- _Problem to solve_
Once the pictures are set aside, transcribe each line of the data exactly.

-- Given data follows --

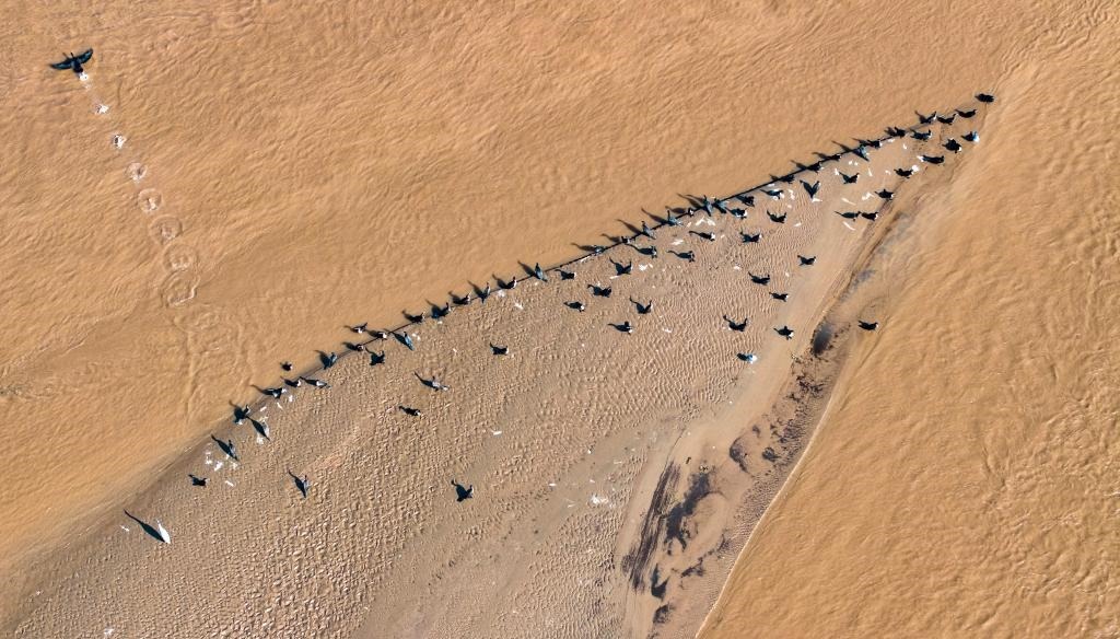 11月4日,在位于寧夏靈武市境內(nèi)的黃河,候鳥在河灘上駐足棲息(無人機照片)。新華社記者 楊植森 攝
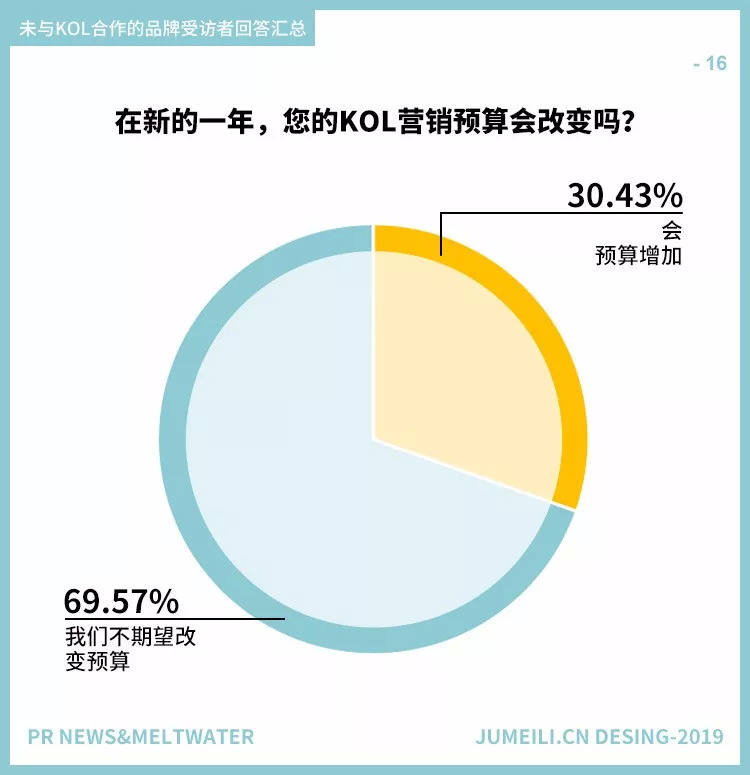 约有70%的专业人士表示不改变KOL营销预算,好消息是约有30%的受访者表示预算会增加,这意味着他们有可能会在新的一年开展KOL营销。
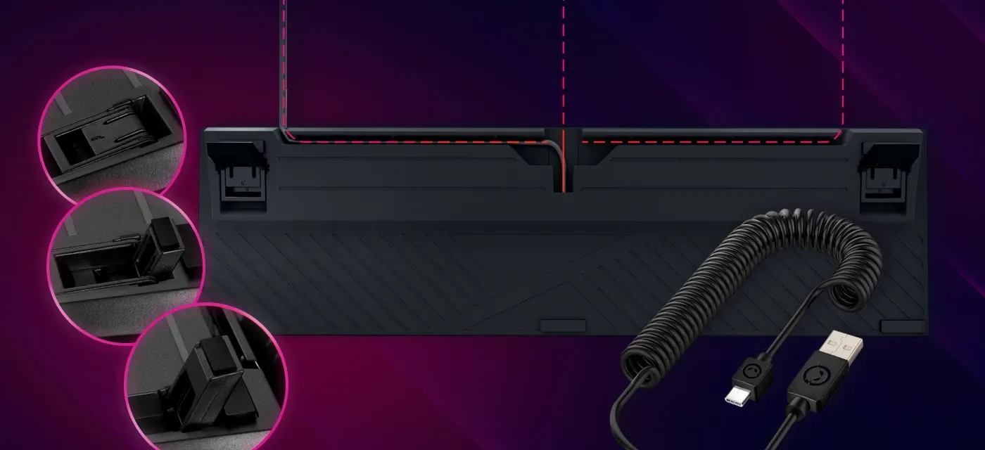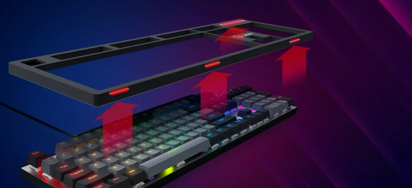 Azar 514 are o caracteristică unică: capacul superior magnetic poate fi îndepărtat, transformându-l dintr-o tastatură clasică într-un design de corp de schelet. Totul este construit pe o bază solidă de aluminiu, asigurând o durabilitate și stabilitate de lungă durată.
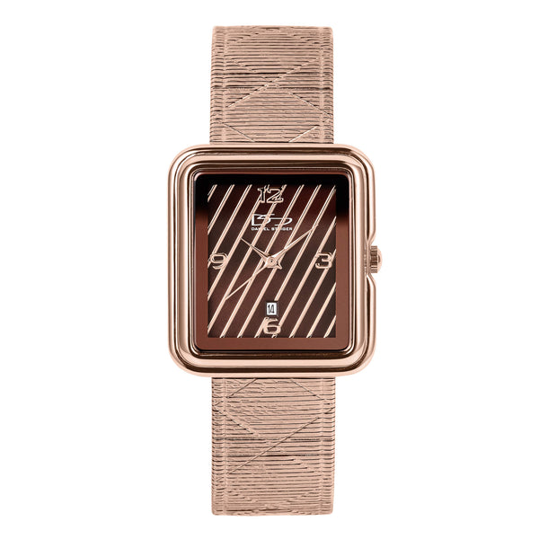 A study in elegance and craftsmanship, this timepiece is made to dazzle with every detail. Sleek, sculpted, and undeniably stylish; the textured strap is the showstopper here. A warm rose gold tone mesh, artfully etched in a diamond-like pattern known as cannage—this iconic geometric weave has long been associated with Parisian couture, symbolizing refinement, craftsmanship, and timeless design. It catches the light like fine jewelry and moves like woven silk, wrapping the wrist in comfort and undeniable sophistication. This textured brilliance flows effortlessly into a sleek rectangular case, where a diagonally striped chocolate brown dial echoes the motif of the strap. With its minimal yet striking rose gold tone hands, clear numerals, and a neatly positioned date window, this timepiece is equal parts fashion statement and modern classic.

-- Given data concluded --

- _Answer box_
 11月4日,在位于寧夏靈武市境內(nèi)的黃河,候鳥在河灘上駐足棲息(無人機照片)。新華社記者 楊植森 攝
 约有70%的专业人士表示不改变KOL营销预算,好消息是约有30%的受访者表示预算会增加,这意味着他们有可能会在新的一年开展KOL营销。
 Azar 514 are o caracteristică unică: capacul superior magnetic poate fi îndepărtat, transformându-l dintr-o tastatură clasică într-un design de corp de schelet. Totul este construit pe o bază solidă de aluminiu, asigurând o durabilitate și stabilitate de lungă durată.
 A study in elegance and craftsmanship, this timepiece is made to dazzle with every detail. Sleek, sculpted, and undeniably stylish; the textured strap is the showstopper here. A warm rose gold tone mesh, artfully etched in a diamond-like pattern known as cannage—this iconic geometric weave has long been associated with Parisian couture, symbolizing refinement, craftsmanship, and timeless design. It catches the light like fine jewelry and moves like woven silk, wrapping the wrist in comfort and undeniable sophistication. This textured brilliance flows effortlessly into a sleek rectangular case, where a diagonally striped chocolate brown dial echoes the motif of the strap. With its minimal yet striking rose gold tone hands, clear numerals, and a neatly positioned date window, this timepiece is equal parts fashion statement and modern classic.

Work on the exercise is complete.